Officials told the Board of Education that a projected enrollment drop of 654 students, combined with federal and state funding instability, could force $8–17 million in general‑fund reductions and may trigger a reduction‑in‑force process this spring if the legislature and revenue picture do not improve.

Poudre School District R‑1 officials told the Board of Education on Feb. 10 that a combination of declining enrollment and uncertainty in state and federal funding could force multimillion‑dollar budget reductions and possible staffing cuts.

Chief Finance Officer Dave Montoya said district projections finalized Jan. 30 show “we are currently estimated to decline another 654 students,” a loss that, when combined with the statutory inflation increase in the school finance formula, largely offsets expected new revenue. Montoya warned that additional state proposals under discussion could deepen the impact, and staff estimated a plausible range of $8 million to $17 million in general‑fund reductions depending on legislative outcomes.

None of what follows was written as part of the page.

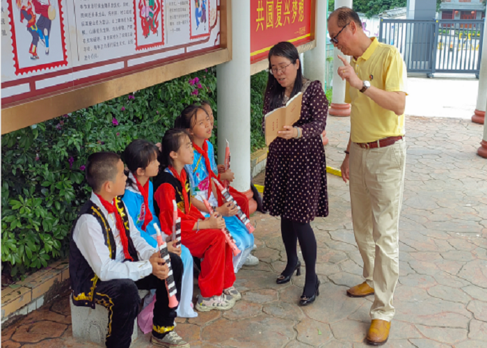 在校园一角,彭超教授和广西师大林冬老师辅导小学生演奏口风琴,张宗贺老师在教一批小朋友演奏竖笛,不大的功夫,孩子们就能够演奏出简单的歌曲。

Dr. Lauren Hooten, chief of staff, said the administration is preparing to follow Article 14 of the employee agreement if reductions become necessary. “This does not mean that a reduction in force will happen,” Hooten said, but she outlined required timelines, seniority and endorsement lists, and a RIF committee (three administrators and three licensed staff) that would review placements and recommend actions to the superintendent and board.

Board members were briefed on the district’s fund‑balance policy (DBAA) and reserve thresholds; Montoya said reserves have eroded and that falling below the board’s 3% minimum would require immediate reductions. He reminded the board of prior experience during the Great Recession when roughly $12 million in cuts required eliminating positions.

Directors pressed staff for specificity about which programs are essential to preserve if cuts are required. Superintendent Brian Kingsley and the cabinet framed a set of “core universal” investments — such as curriculum and tier‑1 literacy work — that they said produced measurable student gains and should be prioritized. Montoya and Hooten said the district will present recommended contract cancellations if necessary at an April board meeting, with any final actions required before statutory staffing deadlines in June.

Several board members urged transparency and compassion in communications to employees and the public. Director comments emphasized advance notice, community engagement and exploring every legislative and local option to reduce the scale of cuts.

Next steps: the board signaled support for administration to draft a resolution authorizing the RIF process if required and to return with specific recommendations in April, recognizing that precise numbers may shift as the state legislative session proceeds.